**DIRECTIONS FOR THIS TASK:** Each record, word for word and stripped of pictures, is what the answer should contain.

Excerpts from a dataset:
================
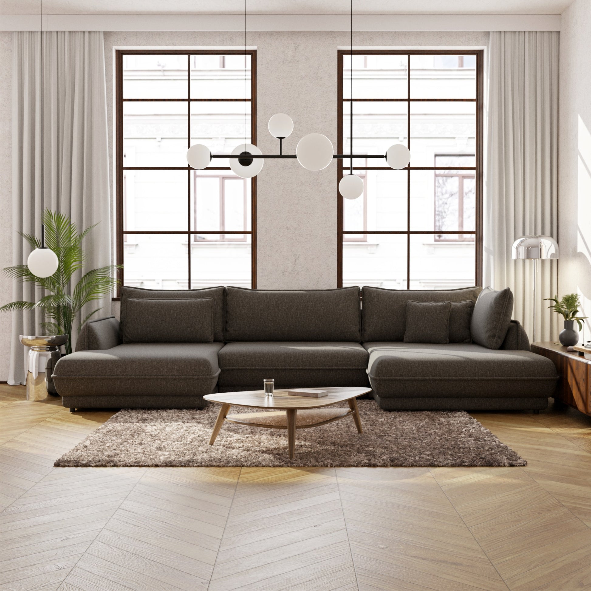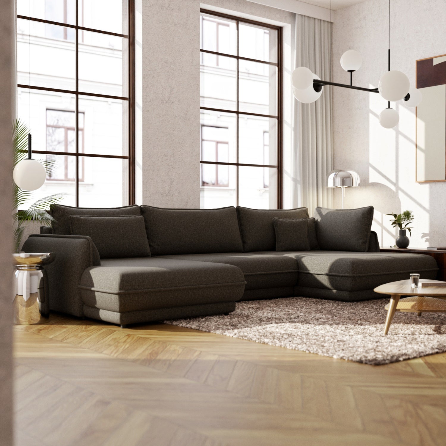 Narożnik został wyposażony w funkcję spania o powierzchni 318 × 160 cm, którą rozłożysz w kilka chwil dzięki prostemu mechanizmowi. To rozwiązanie sprawia, że Mojave III sprawdzi się nie tylko w codziennym użytkowaniu, ale także jako wygodne łóżko dla gości. Dodatkowym atutem jest praktyczny pojemnik na pościel, który pozwala łatwo przechować koce i poduszki, dbając o porządek w salonie.
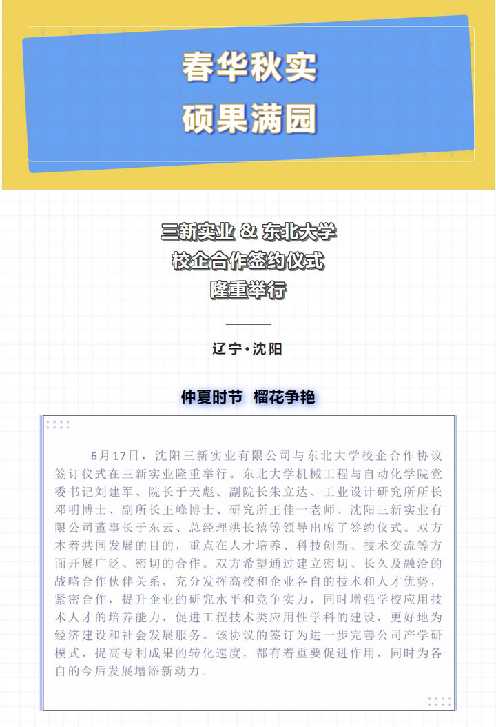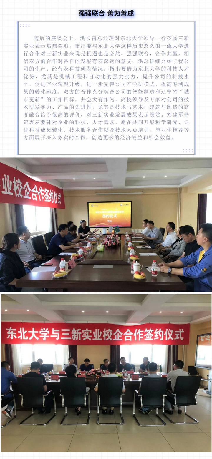 春華秋實(shí),碩果滿園——三新實(shí)業(yè)與東北大學(xué)簽訂校企合作協(xié)議
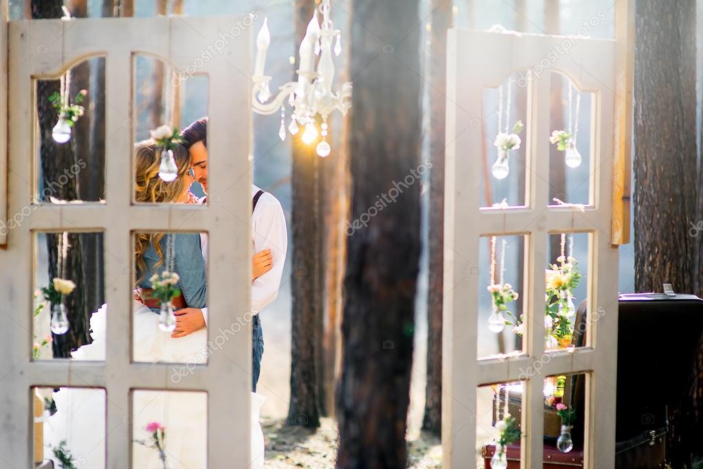 Bruiloft In Landelijke Stijl In Het Bos Stockfoto
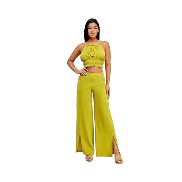 El top corto con cuello halter y detalle fruncido aporta un aire juvenil y chic, mientras que el pantalón de tiro alto y pierna ancha con aberturas frontales estiliza la figura y añade un toque sofisticado. Su color vibrante lo convierte en un conjunto versátil, ideal tanto para el día como para la noche.
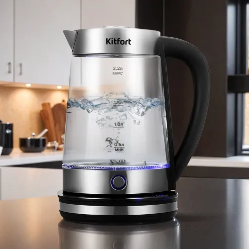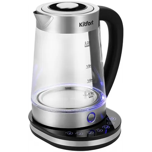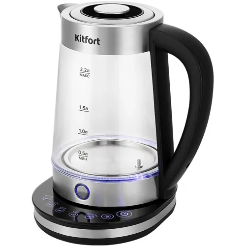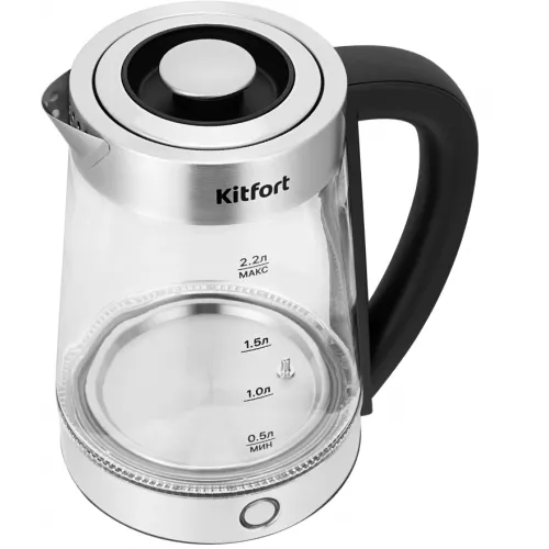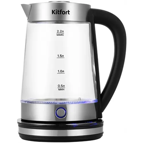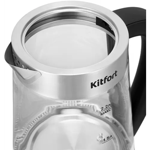 Чайник электрический Kitfort КТ-6764 2.2л. 1800Вт черный/серебристый корпус: стекло/металл/пластик (KT-6764)
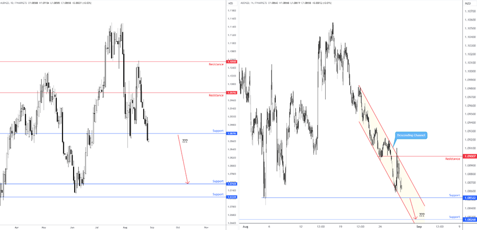 Short-term flows on the H1 timeframe show declines have been confined between the limits of a descending channel, extended from the high of NZ$1.0981 and a low of NZ$1.0897. Following the release of Aussie CPI inflation numbers, you will see that, in one fell swoop, the cross briefly rallied from channel support to channel resistance, which happened to share chart space with another resistance coming in at NZ$1.0900 and held its position.
================
**SOLUTION TO THIS EXERCISE:**
 Narożnik został wyposażony w funkcję spania o powierzchni 318 × 160 cm, którą rozłożysz w kilka chwil dzięki prostemu mechanizmowi. To rozwiązanie sprawia, że Mojave III sprawdzi się nie tylko w codziennym użytkowaniu, ale także jako wygodne łóżko dla gości. Dodatkowym atutem jest praktyczny pojemnik na pościel, który pozwala łatwo przechować koce i poduszki, dbając o porządek w salonie.
 春華秋實(shí),碩果滿園——三新實(shí)業(yè)與東北大學(xué)簽訂校企合作協(xié)議
 Bruiloft In Landelijke Stijl In Het Bos Stockfoto
 El top corto con cuello halter y detalle fruncido aporta un aire juvenil y chic, mientras que el pantalón de tiro alto y pierna ancha con aberturas frontales estiliza la figura y añade un toque sofisticado. Su color vibrante lo convierte en un conjunto versátil, ideal tanto para el día como para la noche.
 Чайник электрический Kitfort КТ-6764 2.2л. 1800Вт черный/серебристый корпус: стекло/металл/пластик (KT-6764)
 Short-term flows on the H1 timeframe show declines have been confined between the limits of a descending channel, extended from the high of NZ$1.0981 and a low of NZ$1.0897. Following the release of Aussie CPI inflation numbers, you will see that, in one fell swoop, the cross briefly rallied from channel support to channel resistance, which happened to share chart space with another resistance coming in at NZ$1.0900 and held its position.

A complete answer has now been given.